Happy 2016, y’all! Just like many of you (I’m guessing), I always feel a sense of tabula rasa after the New Year. Anything is possible! It’s a time to make resolutions and goals for the coming year, a time to think about how I am going to improve. After writing my 2015 retrospective piece, I had the genius idea of writing a 2016 planning piece for Ruby. As I was piecing together the things I think Ruby should aim for, I realized that my opinion on the subject is far too narrow. Plus, I am not an expert in the vein of some more well-known Rubyists. I am Joe Schmoe Rubyist. I work with it daily, I’ve been doing so for a long time, but there are others that are far more qualified and still others who have other points-of-view.
So, I asked the community, hoping to get a good representation of what Rubyists think 2016 should be for the language. Here is what I got back:
tumbleweeds rolling by
Hmph. OK, I thought, I’ll try another community. Surely Twitter has some opinions. Here’s what I got back:
Hmph. OK, I thought, third time’s a charm. I bet the SitePoint Ruby newsletter will generate something. Here’s what I got back:
sound of wind blowing
OK, fine. I guess the question isn’t as interesting as I thought. Or, maybe my fellow Rubyists simply don’t want to do my job for me. I know have no choice but to subject you to my thoughts on Ruby in 2016. Maybe my opinions will be so offensive/inspiring that some other thoughts will be generated in the comments.
Let me be honest here. I am not one of those people that trumpets the lack of diversity in our industry. I read about it, but I don’t really do anything. Diversity is one of those polarizing subjects that I often avoid because I am white and male and so I don’t have a problem. I empathize (as much as I can) with others, then I get back to work. I shake my head at stories of harassment and I get back to work. I pass along a link to a great article on diversity written by someone who is affected by it, and I get back to work. I assuage any guilt about being born with the white spoon in my mouth by not making it worse. Then, I meet someone or I read something that tells me I am part of the problem. A BIG part of it. I get angry and defensive and…get back to work.
It took me a long, long time to realize the only thing I really know about diversity: I don’t know, nor can I understand, how it affects others. I can say “Wow, that must suck,” but I can’t KNOW. As such, telling someone to just “work hard” and everything will be fine is not fair. Getting upset when someone else gets upset and my using “Guys” as a general term in a Slack channel is not fair. I can’t be in their shoes, so I can’t understand the problem.

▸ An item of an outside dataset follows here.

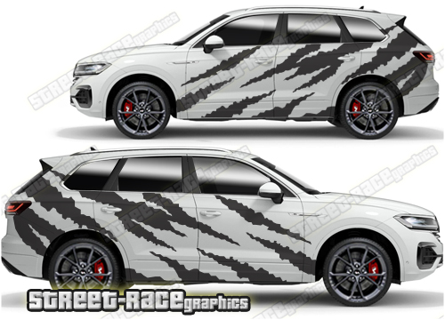 Volkswagen Touareg graphics. They are shown on the first generation Touareg but they can be trimmed to fit all later versions and facelift variants. The decals are not pre-cut for any specific Volkswagen Touareg version; they do not have any door handle cutouts, wheel arch or door line splits. These will require trimming during fitting. Vinyl will not stick to unpainted textured plastics.

That’s great, Glenn. You stated the problem, but what can we do about it from the perspective of a programming language?
Well, the short answer is, I don’t know. I went looking around the web and I might have found some places to start. Rather than paste 1,000 links on diversity, I think I’ll mimic the five points from this article on strategies for a company to promote diversity.
1. Founders and Leaders, Get Involved
We all know who the leaders of Ruby are, so I don’t want to “name names.” Maybe it’s as little as requiring conferences to have a Code of Conduct in order to be sanctioned by the “language.” Maybe it’s well-known speakers refusing to speak unless a CoC is in place. I think a diversity policy could be something Ruby Together could create and maintain. The point is, we have leaders and well-known people in the language. Getting these folks involved goes a long way toward bringing diversity to the front of the class.
2. Collect Better Data
In order to improve in any area, there needs to be a way to measure results. How can we measure improvement in diversity. Again, I think the conferences are a great place to start. Create exit surveys that are quick and ask questions around the issues. There are no shortages of people that could come up with the questions so the data collected are meaningful.
3. Expand Your Network
From what I can tell, much of the reason that diversity is the problem that it is comes from opportunity. Or, maybe, it comes from the lack of opportunity. Programming requires some expensive tools: A computer, internet connection, books, time, etc. These resources are not abundant for non-English speaking and/or lower incomes kids. I focus on kids because most of the coders I know gained their passion for it as a child. While there are organizations that offer some options, I think the language could promote some more possibilities. For example, if the community could create a curriculum around Ruby that could be administered remotely (think, Google Hangout) it would allow Ruby resources to teach this curriculum from anywhere to anywhere. We could even record the “lessons” and make them available for download. Then, it’s just a matter of promotion to the schools that could use it. It’s a thought.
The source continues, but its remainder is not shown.